We have around 150 nodes (Data size:14TB) in our elastic-search cluster and want to take snapshot of our data using an s3 compatible service.
We want to restrict the overall bandwidth being used the by the cluster for snapshot process to 300 MBPS. The only way in which we could do that was find out the number of nodes ('x' nodes) which will actually participate while backing up the cluster and divide 300/'x' and set max_snapshot_bytes_per_sec as this value.
However there is a downside to this setting, during the final stages of snapshot most of the nodes have finished pushing data and only few nodes are remain making the final stage very slow. As an example while taking backup of around 2TB of data (being pushed from 112 nodes), the last 85 gb of data was being pushed from 3-4 machines and took around 6-7 hours to finish, because of the bandwidth limitation set per node.
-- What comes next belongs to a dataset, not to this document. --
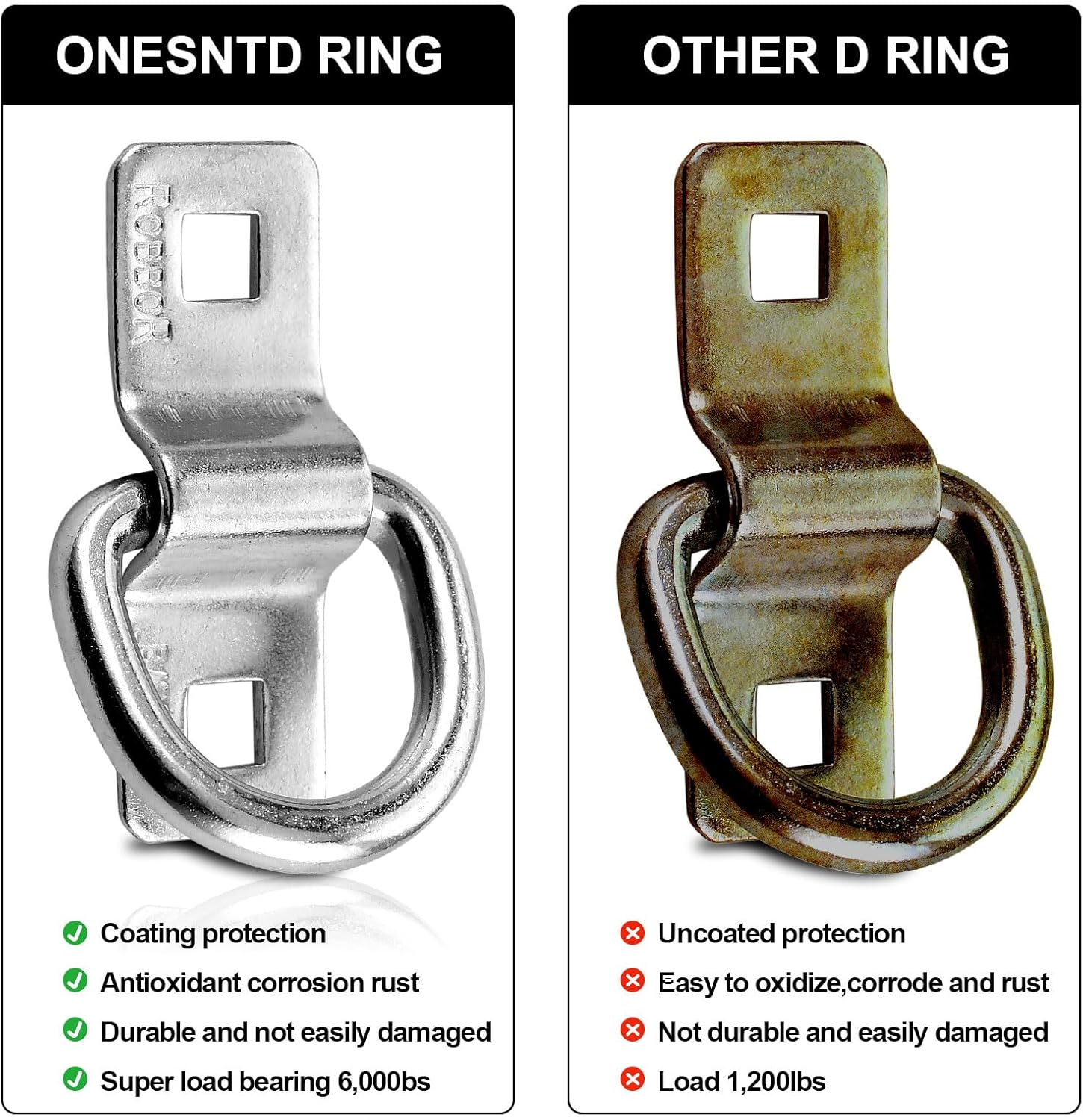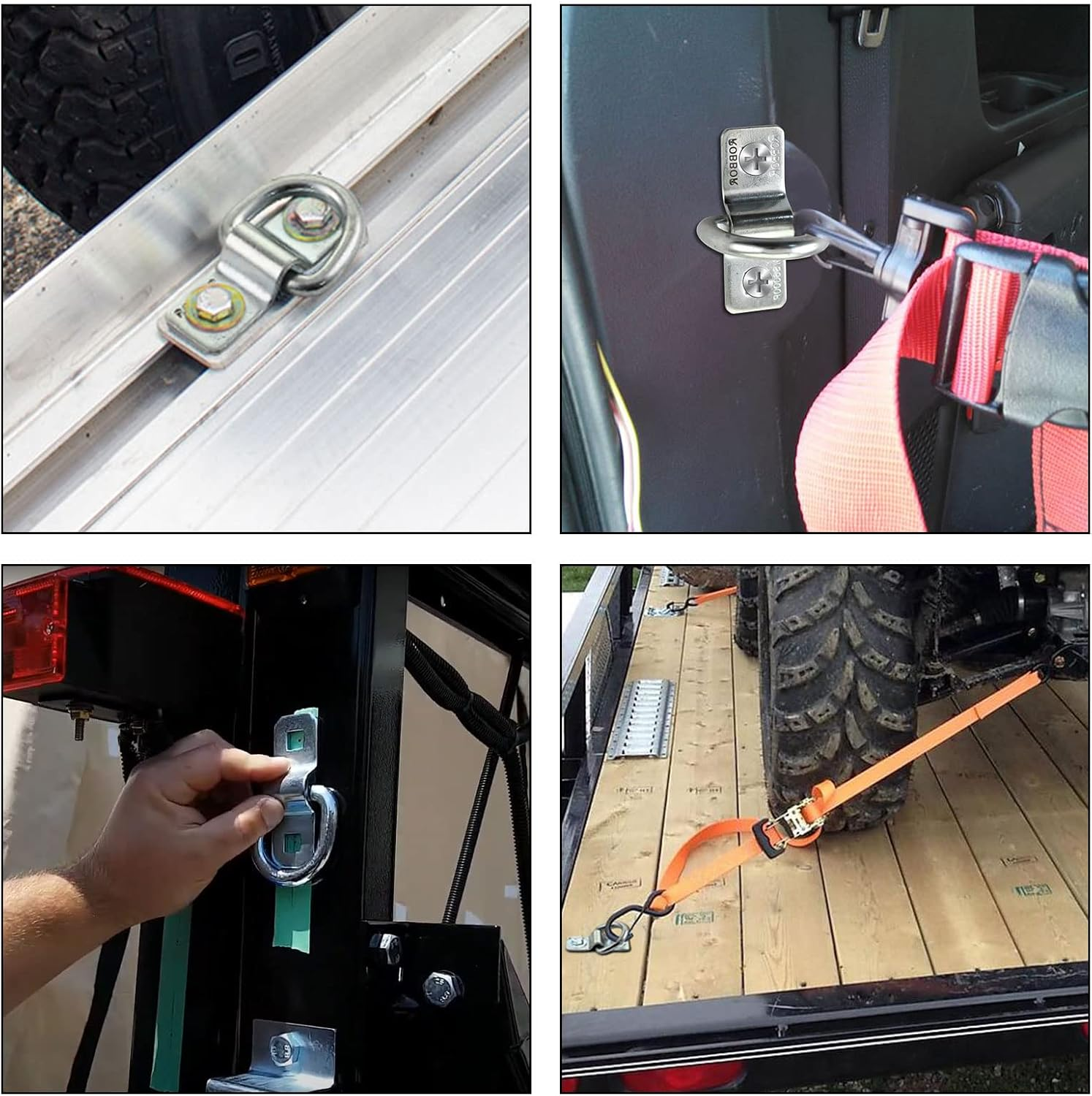 D-Ring Tie Down Anchors Heavy Duty Forged Steel, 6,000 lbs Capacity, Surface-Mount for Trailers, Motorcycles, and ATVs 4-Pack

To avoid such condition, we removed max_snapshot_bytes_per_sec and set buffer_size as 8mb and retry count as 3 with throttle as true and applied a QPS limit of 40 at our s3 compatible service. Post 40 QPS, the service sends a 504 slowdown error code. Now while taking backups, sometimes it happens successfully, however at certain time some shards don't get backed up and in the error message we see 504 slowdown for that particular shard.
What is the best way to take backups in our case with the limitation that we shouldn't use more than 300MBPS of network bandwidth?